Managing AI Risks: From Frameworks to Implementation
Integrating AI security into enterprise-wide risk management is becoming a strategic necessity. AI systems process large volumes of data, influence decision-making processes, and may directly affect business operations. As a result, they require a dedicated layer of governance and security oversight.
According to NIST AI RMF 1.0, AI risk management should cover four key areas:
- Govern — Establish policies, accountability structures, and AI risk oversight mechanisms.
- Map — Identify risks, dependencies, and potential impacts associated with AI systems.
- Measure — Assess risk levels and evaluate the effectiveness of security controls.
- Manage — Implement mitigation strategies and continuous risk management processes.
In practice, this includes assigning AI Governance Owners, implementing secure AI usage policies, auditing data sources, controlling model access, and regularly evaluating AI systems for security weaknesses.
Special attention should be given to testing models against adversarial attacks, prompt injection attempts, data poisoning scenarios, and other threats described by MITRE ATLAS and the OWASP Top 10 for LLM Applications.
Industry analysts at Gartner predict significant growth in the adoption of dedicated AI security platforms as organizations continue integrating generative AI into business operations.

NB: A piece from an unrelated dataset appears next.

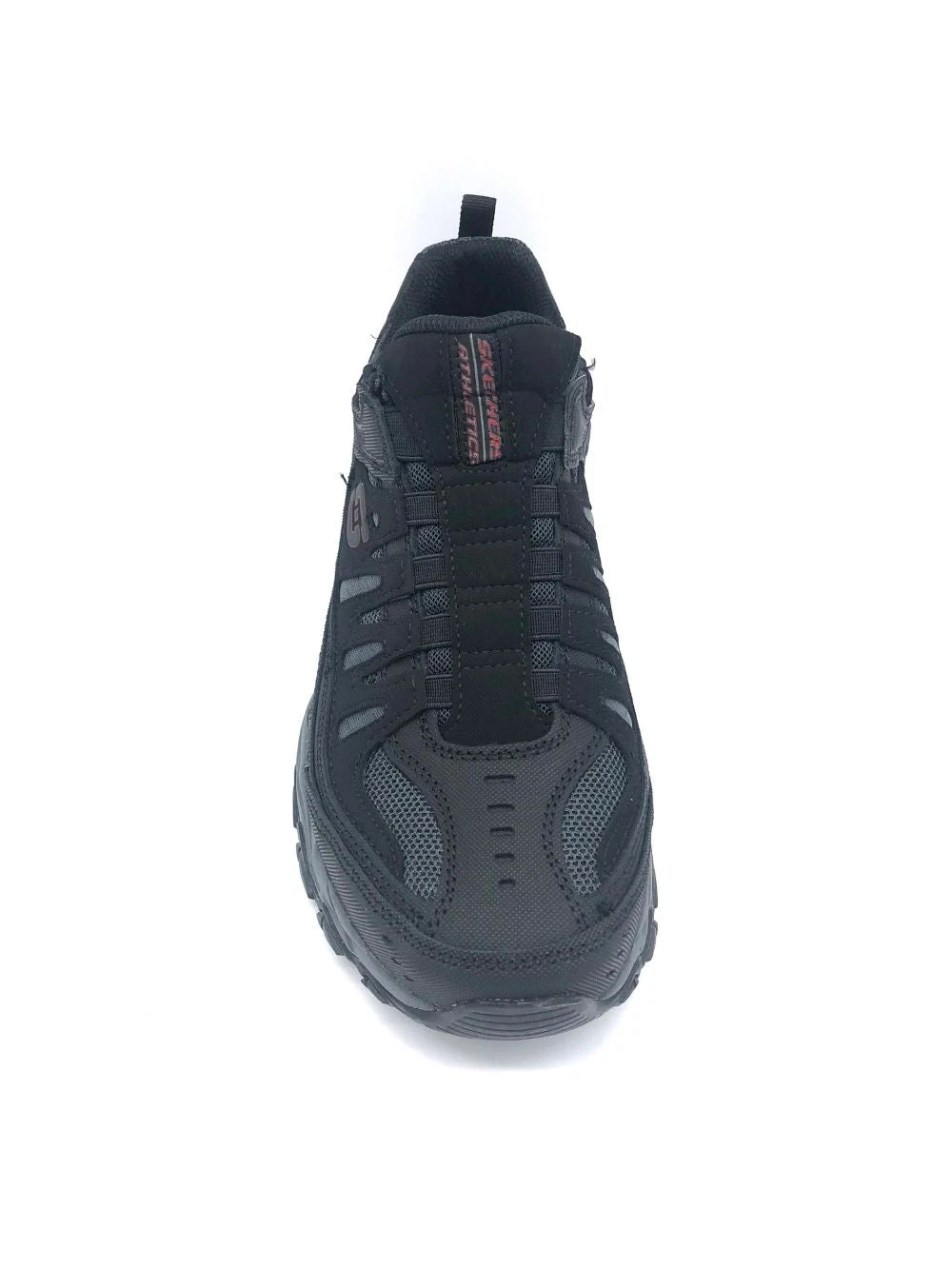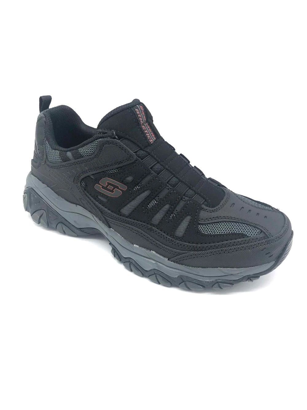 A true classic gets even better with Skechers After Burn – Memory Fit. This slip-on athletic trainer features a leather, synthetic and mesh upper with cushioned Memory Foam insole.

However, technology alone cannot solve security challenges. A resilient AI ecosystem requires a combination of technical controls, governance processes, and continuous personnel training.
AI Integration Security Readiness Checklist
- Dependency Management Policy: Is there a formal process governing the use of third-party libraries and packages?
- Component Auditing: Are dependencies continuously scanned using SCA tools?
- CI/CD Security: Are automated code and artifact validation mechanisms integrated into development pipelines?
- AI Risk Ownership: Have AI Governance Owners been assigned?
- AI Risk Management Plan: Does the organization follow the Govern–Map–Measure–Manage approach defined by NIST AI RMF?
- Training Data Security: Are data sources evaluated for integrity and data poisoning risks?
- Resilience Testing: Are AI models tested against adversarial attacks, prompt injection, and other AI-specific threats?